[Activity]
Retype the data below verbatim; pictures do not belong in the copy.

[Provided data]

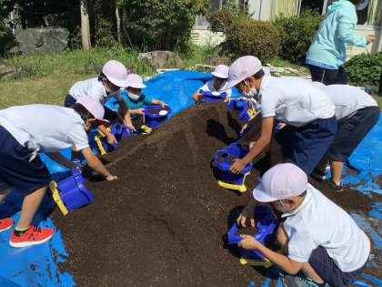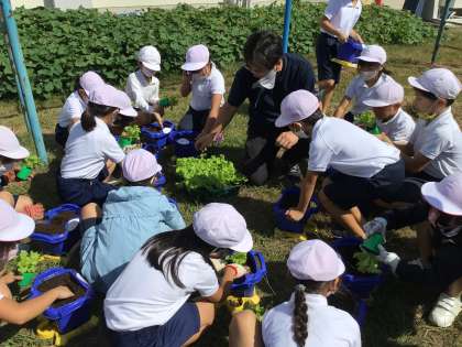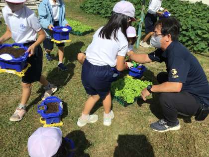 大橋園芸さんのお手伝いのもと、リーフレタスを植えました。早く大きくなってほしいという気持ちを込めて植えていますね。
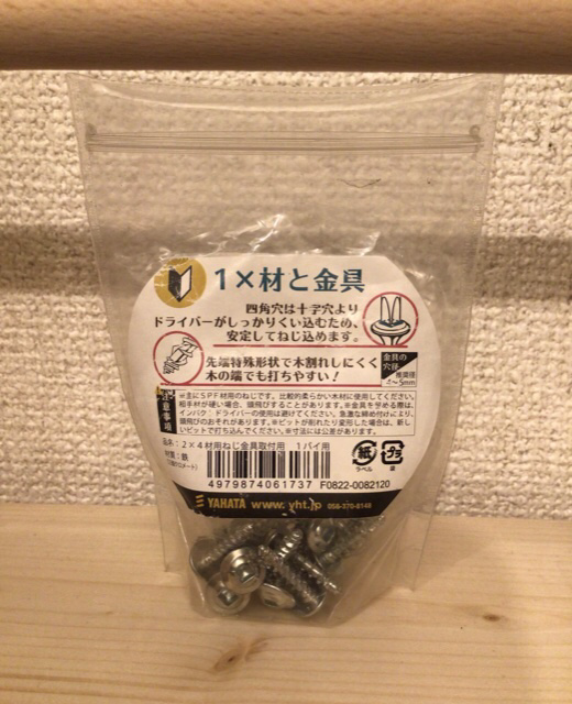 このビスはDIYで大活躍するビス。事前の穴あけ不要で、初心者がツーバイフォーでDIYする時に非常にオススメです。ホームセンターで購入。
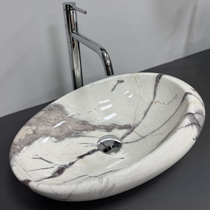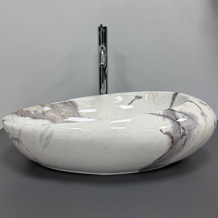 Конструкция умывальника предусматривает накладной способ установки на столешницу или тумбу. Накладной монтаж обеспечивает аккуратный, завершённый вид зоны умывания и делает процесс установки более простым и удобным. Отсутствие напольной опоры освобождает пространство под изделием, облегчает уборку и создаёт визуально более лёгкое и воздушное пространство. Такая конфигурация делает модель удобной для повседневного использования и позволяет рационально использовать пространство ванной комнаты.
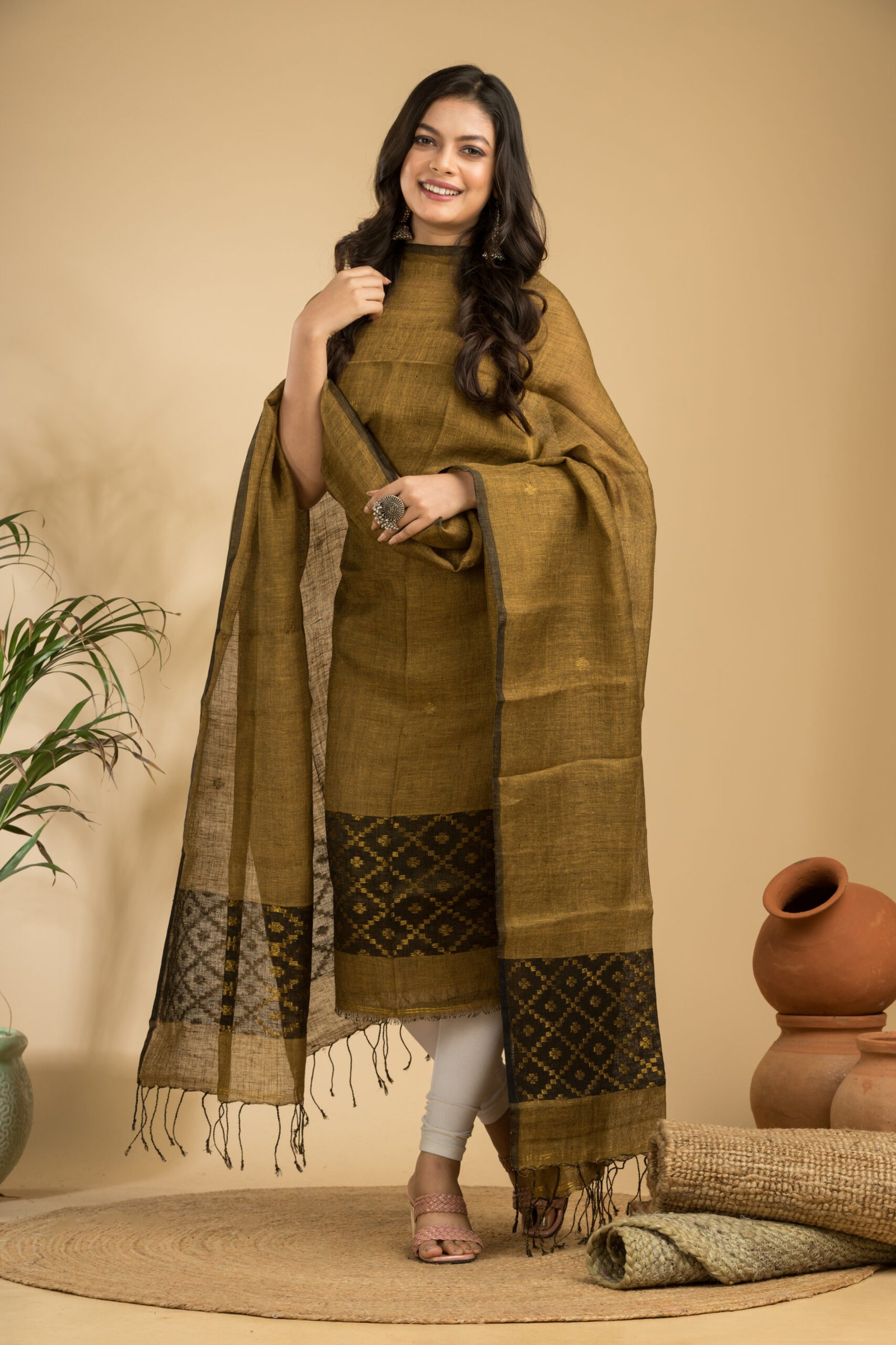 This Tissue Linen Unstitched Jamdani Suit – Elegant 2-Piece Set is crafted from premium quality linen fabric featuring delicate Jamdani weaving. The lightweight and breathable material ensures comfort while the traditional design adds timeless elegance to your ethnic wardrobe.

[Expected answer]
 大橋園芸さんのお手伝いのもと、リーフレタスを植えました。早く大きくなってほしいという気持ちを込めて植えていますね。
 このビスはDIYで大活躍するビス。事前の穴あけ不要で、初心者がツーバイフォーでDIYする時に非常にオススメです。ホームセンターで購入。
 Конструкция умывальника предусматривает накладной способ установки на столешницу или тумбу. Накладной монтаж обеспечивает аккуратный, завершённый вид зоны умывания и делает процесс установки более простым и удобным. Отсутствие напольной опоры освобождает пространство под изделием, облегчает уборку и создаёт визуально более лёгкое и воздушное пространство. Такая конфигурация делает модель удобной для повседневного использования и позволяет рационально использовать пространство ванной комнаты.
 This Tissue Linen Unstitched Jamdani Suit – Elegant 2-Piece Set is crafted from premium quality linen fabric featuring delicate Jamdani weaving. The lightweight and breathable material ensures comfort while the traditional design adds timeless elegance to your ethnic wardrobe.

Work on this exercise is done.